Г. Бордюгов – Это была взаимная инициатива и Восточной Германии, и Болгарии. Потом зажжение вечного огня, ведь Москва это только 3-й город, где вечный огонь появился, до этого был Марсово поле в Ленинграде и Малахов курган в Севастополе. И потом уже по всей стране. Но эти сакральные места тоже не простую историю пережили, ведь их потом и тушили...
В. Рыжков – А как в 55 году? Вот только что ушел Сталин, ранний Хрущев, как в тот момент общество, с одной стороны, интерпретировало войну и победу и, с другой, молодое хрущевское руководство?

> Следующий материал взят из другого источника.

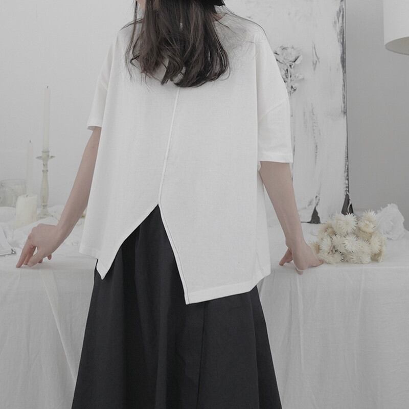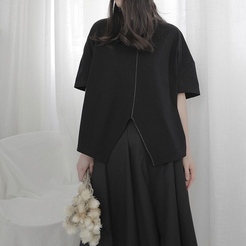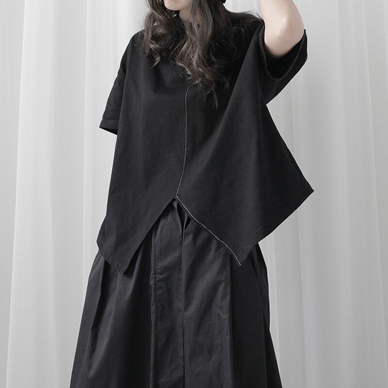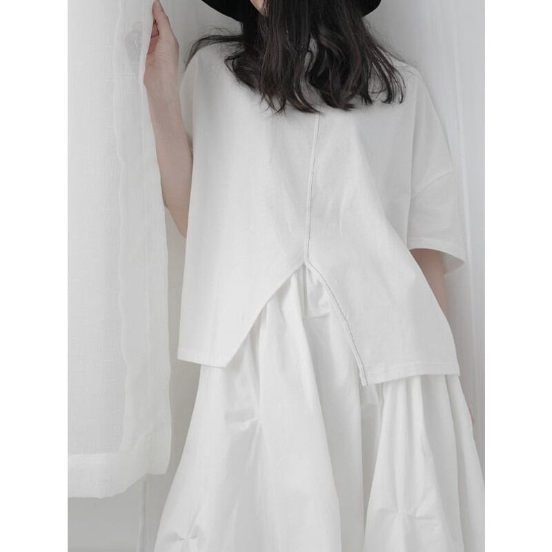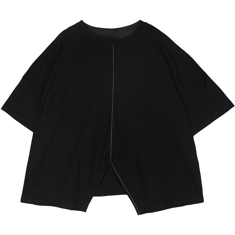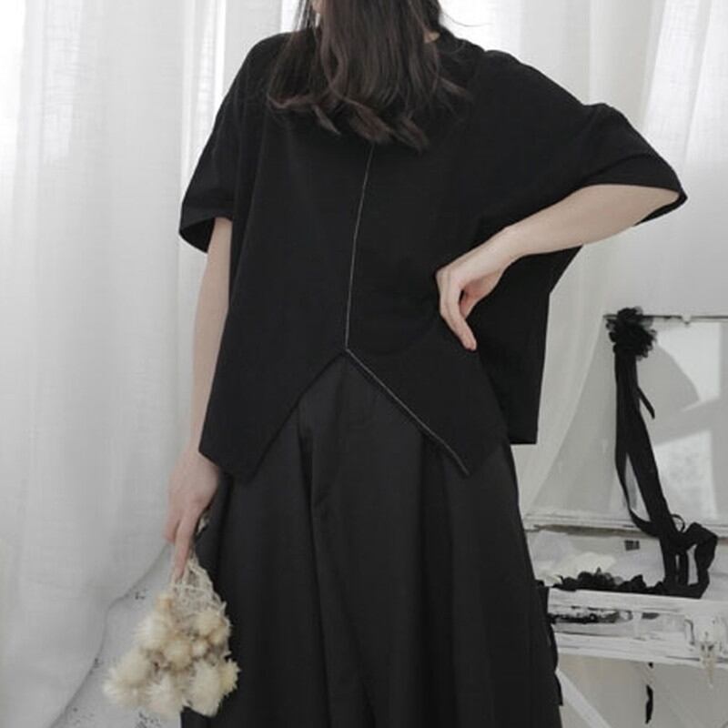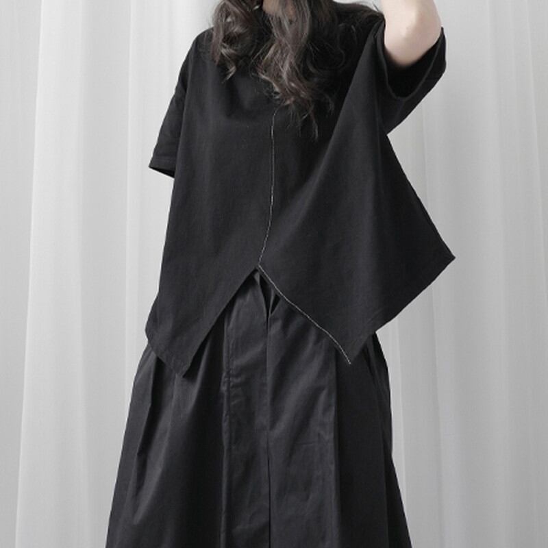 シンプルなデザインながら、スリットがアクセントとなり、一枚で着映えするアイテムです。

Г. Бордюгов – Общество только оттаивало после сталинских годов. Долго еще пластырь догматики сохранялся. И вот 55 год, как Хрущев себя ведет: он не произносит торжественную речь, он поручает первому заместителю министра обороны Коневу. Сталин выступает уже только в контексте других культурных героев.

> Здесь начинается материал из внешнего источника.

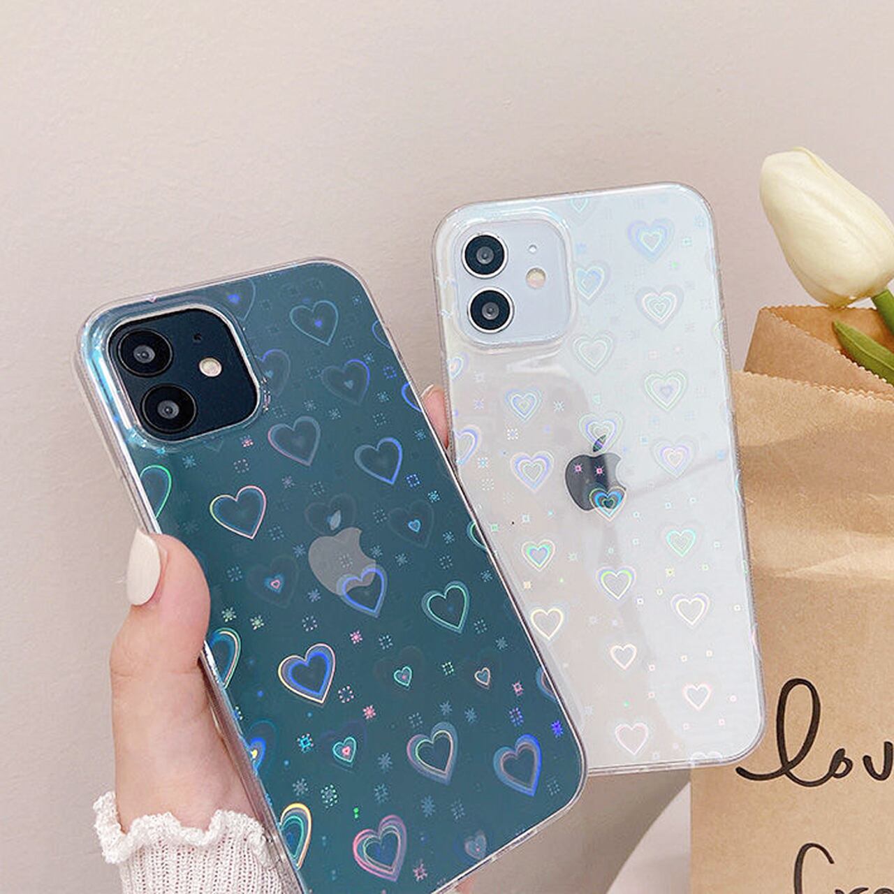 光や角度によってオーロラにかわるキラキラケース♥

В. Рыжков – Т.е. уже стали его задвигать?
Г. Бордюгов – Да. И ставка идет только на определенные выигрышные стороны войны. Например, для Хрущева, естественно, близка Сталинградская битва. И выбираются такие точки, где Сталина поменьше, и выдвигаются на 1-й план уже другие. Но я думаю, самую сложную историю пережил этот праздник в юбилей в 95 году. Т.к. в 95 очень много было атак на этот праздник, чтобы вообще его отменить. Вспоминаются всякие вещи, связанные с коллаборационизмом, депортацией и т.д. И возникает вопрос, что мы защитили, социализм, советский строй? Это только сейчас мы поняли, что этот праздник над всем стоит – над эпохами, над строем и т.д. Удалось сохранить этот праздник, т.к. была чеченская кампания 94 года, в 95 корреспондируется героика. И второе, что у Ельцина в 96 году выборы, и ему было важно собрать и продемонстрировать миру и свою власть, и новую Россию. И смотрите, какой отклик: 56 делегаций зарубежный приехало.
В. Рыжков – Были первые лица, да?
Г. Бордюгов – Да. 56 государств, кроме, конечно, стран Балтии. Было еще любопытно, как рассаживать на приеме.
В. Дымарский – Союзники в первую очередь?
Г. Бордюгов – Нет. На параде на Минском шоссе – да, там была рассадка по-другому.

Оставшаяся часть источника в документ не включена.